One of private equity’s biggest legal battles is back for ‘Round 2’: Terra Firma vs. Citi.
Guy Hands now has a second chance to try and persuade a jury that his firm was misled in its £4 billion bid for EMI, the music publishing giant it de-listed from the London Stock Exchange at the height of the credit boom in summer 2007.
Terra Firma previously alleged Citi tricked it into doing the deal by providing misleading information about a potential rival bid from Cerberus Capital Management. A jury sided with Citi in the original trial in 2010, but an appeals court has now ruled the jury acted on instructions inconsistent with English law (under which the US court case is being tried).
Originally the jury was instructed that Terra Firma must prove it had relied on “one or more misrepresentations” to make its bid for EMI. But the appeals judge ruled that the jury should only have had to consider whether Citi made any fraudulent misrepresentation related to the auction, and not if a misleading statement had ultimately led to the bid.

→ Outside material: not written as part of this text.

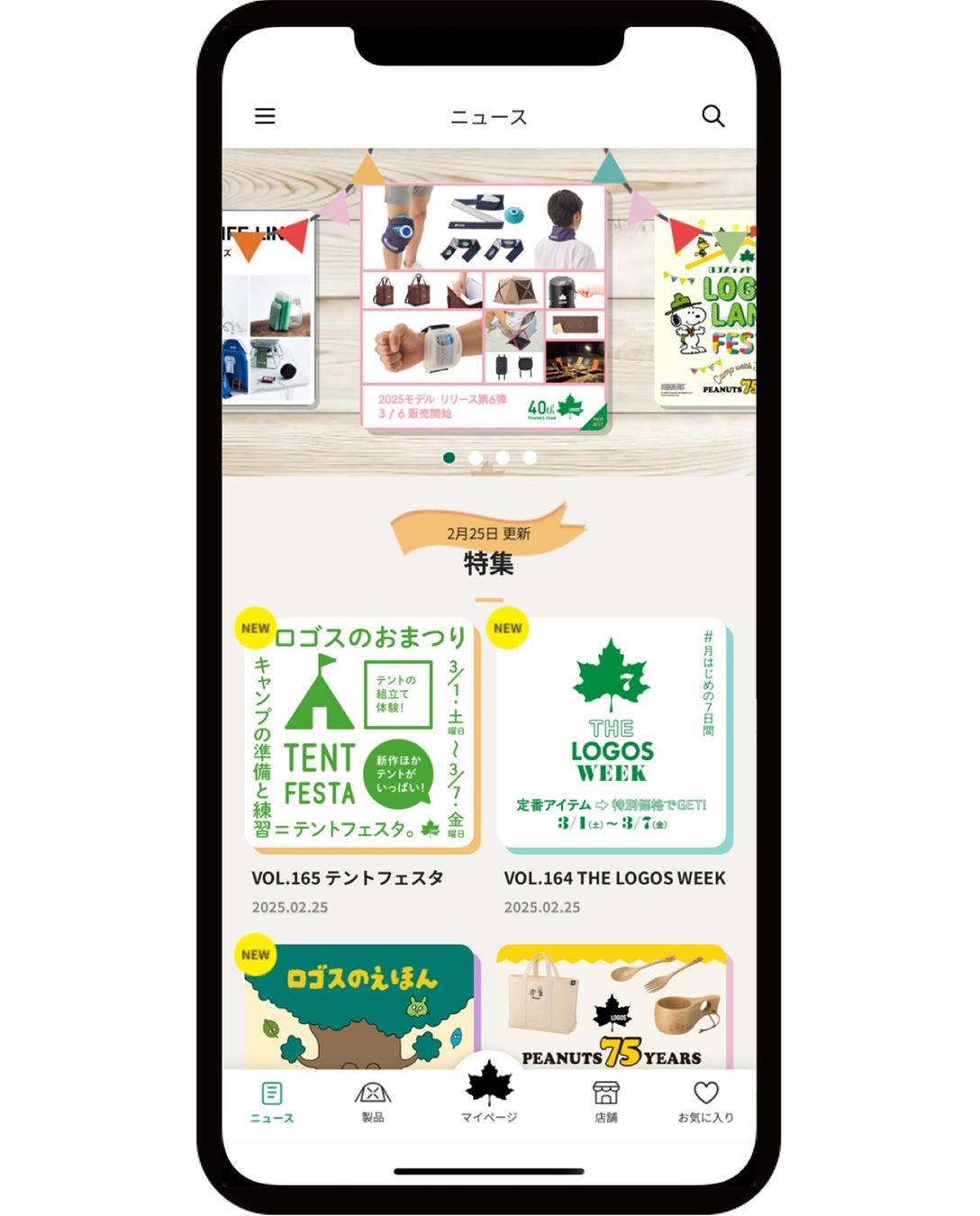 お得なキャンペーンや、ロゴスが展開する様々な最新コンテンツ、厳選した製品のカタログや、アウトドアを楽しむアイディアが詰まったオリジナルマガジンの閲覧など、ロゴスともっとつながる最新情報をお届けします。

To win its case at the retrial, Terra Firma will only have to convince a jury that Citi made a misleading statement.
Citi disputes that legal test, arguing it wouldn’t be reasonable to bid billions of dollars on the statement of one outside advisor.
Terra Firma counters that under English law, if an alleged misrepresentation plays a “substantial” though not “decisive” part in the decision, it’s still cause for loss regardless of how many other factors affect the decision.
Citi declined to comment beyond its original statement saying the bank remains confident it will win any retrial, as it believes “Citi’s conduct in the EMI transaction was entirely proper” and Terra Firma’s accusations of fraud are “baseless”. Terra Firma, meanwhile, believes its position has been strengthened as the “jury instructions [are] now resolved in our favour” and the firm “expect[s] to prevail in any subsequent trial”.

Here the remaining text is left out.